Officials respond to Livermore Lab employees' flood of angry complaints
By Ian Hoffman, STAFF WRITER
Article Last Updated: 06/23/2007 02:39:01 AM PDT
Federal nuclear weapons officials tried calming Lawrence Livermore Lab workers Friday after word that new federal requirements could result in lower retirement benefits.
With dozens of angry employee phone calls and e-mails pouring into Washington, the National Nuclear Security Administration put out a statement reassuring workers that the agency "listens."
As a message, it fell short of a Clintonian "feel your pain" moment but was perhaps as close as a quasi-military bureaucracy comes to "trust us, we care."
Employees of the weapons lab are not in a trusting mood.
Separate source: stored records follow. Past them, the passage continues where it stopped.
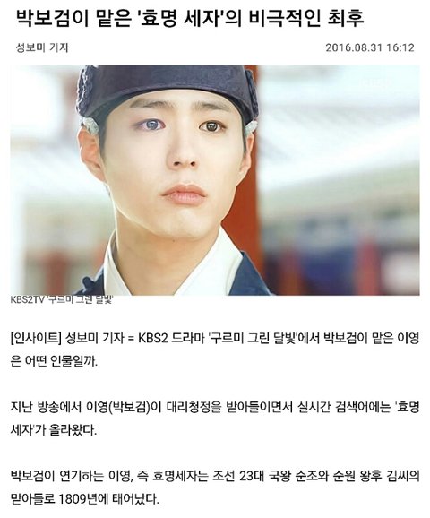 박보검이 맡은 효명세자의 비극적인 최후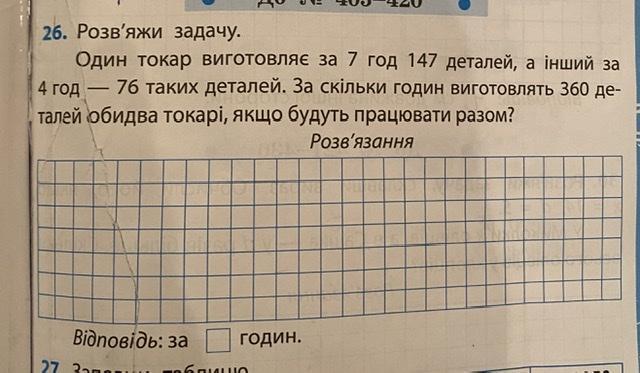 1) 147 / 7 = 21 (дет) виготовляє за годину перший токар.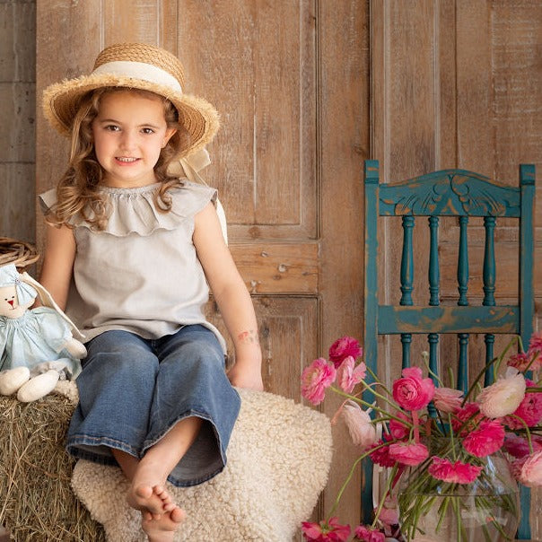 Preciosa blusa de lino algodón estilo romántica. Suave y cómoda para nuestras niñas. Son modelos únicos diseñados y confeccionados en Chile.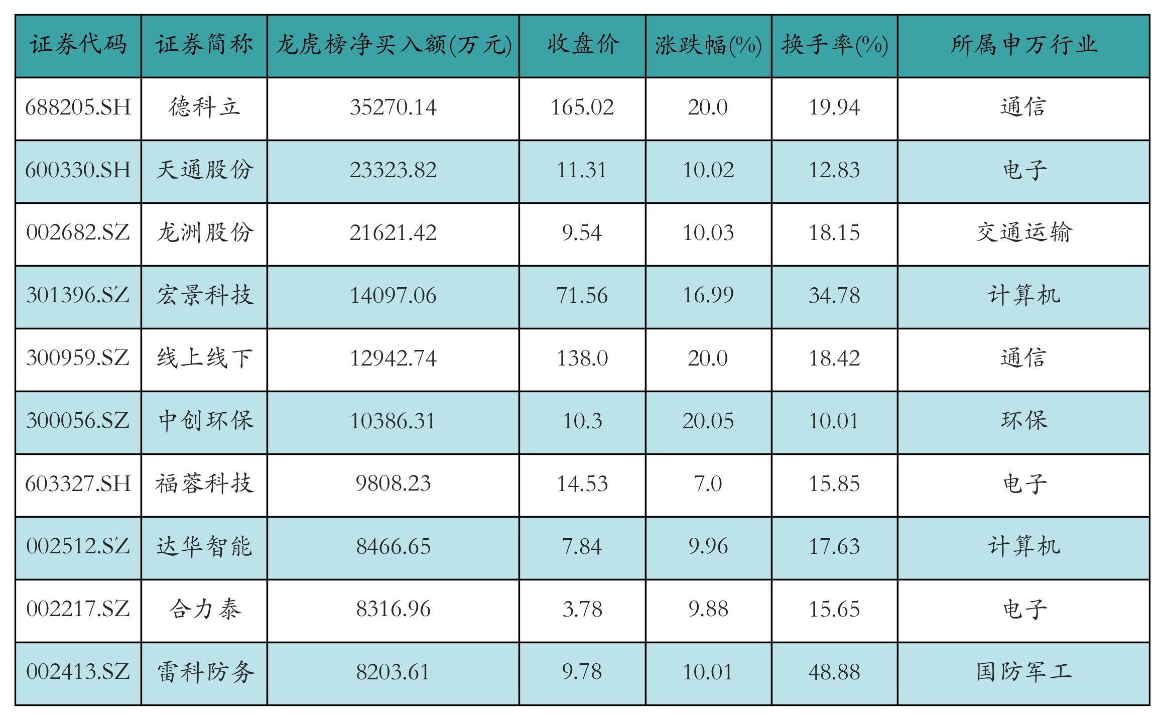 昨日龙虎榜商业部净买入额前10确定见下表:
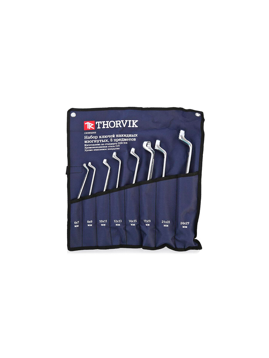 Набор ключей гаечных накидных изогнутых Thorvik 75° в сумке, 6-27 мм, 8 предметов ORWS008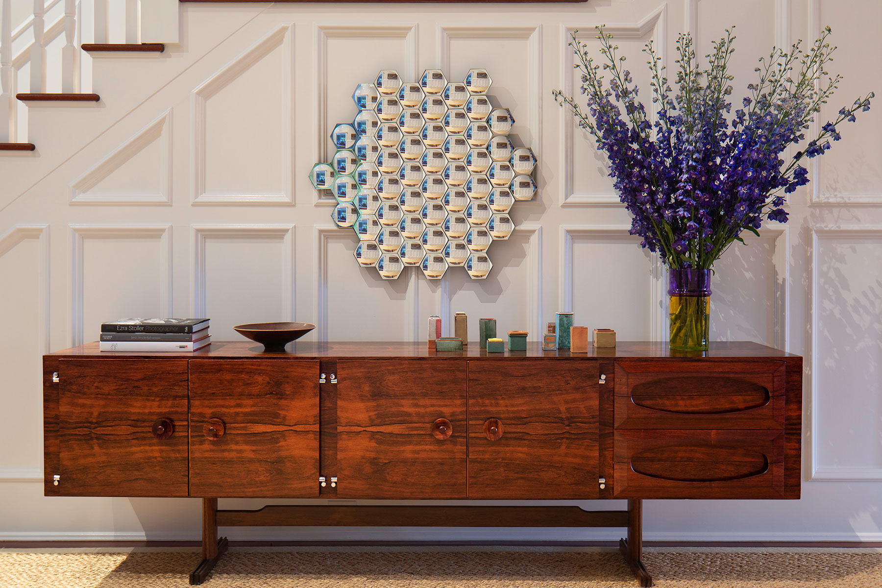 Yes there is room for fun, color and engaging furniture forms in the Hamptons! Designing for a residence with many living and sitting rooms, multiple indoor and outdoor dining areas, two master suites and several guestrooms can present some exciting challenges and opportunities. We worked to give each room its own personality and draw, while maintaining a common design sensibility and language throughout the house. This project was featured in Hamptons Cottages and Gardens magazine.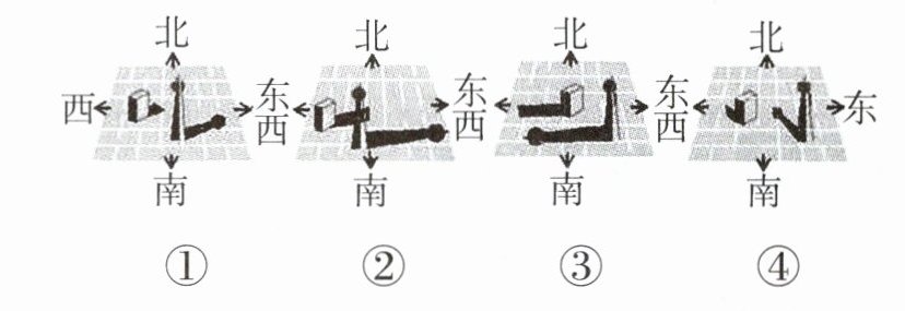 C@@由于太阳从东边升起,西边落下,所以影子的方向为西—西北—北—东北—东,所以影子的变化顺序为③④①②。

On Thursday, they learned they must choose from two retirement plans, one of which is mandatory for all new hires and could result in 20 percent lower future retirement benefits than employees' current pensions administered by the University of California.
"I think everyone's in a real uncertain spot right now," said Sue Byars, a senior official in the Society of Professionals, Scientists and Engineers, a group running a union organizing drive at the lab.
The university's pension plan is one of the nation's largest and historically best funded. But the federal government is handing management of the lab over to a private partnership between the university and several corporations, with a requirement to establish two new, separate retirement plans for lab workers.
The National Nuclear Security Administration saidone of the plans had to cap benefits at no more than 105 percent of the market value for benefits for 15 research-intensive corporations such as IBM, Hewlett Packard, Northrop Grumman and AT&T.
Many of those companies have been cutting their benefits, widening the gap between the lab's new benefits package and what the university has been paying.
Executives for the incoming private management team, led by Bechtel National Inc. and the university, say they fear employees will perceive the lower benefits as a sign of the federal government's waning interest in the lab and its workers. Senior federal weapons officials tried to dispel that notion Friday and tell lab employees that the government cares about keeping Livermore full of talented scientists and engineers.
"Livermore National Laboratory is of vital importance to our nation's national security and all of the laboratory's employees are valued team members," said Thomas D'Agostino, the administration's deputy administrator over weapons work. "We are hearing employee concerns, ... and we will be responsive. We have an open process to receive questions and comments, and we are listening."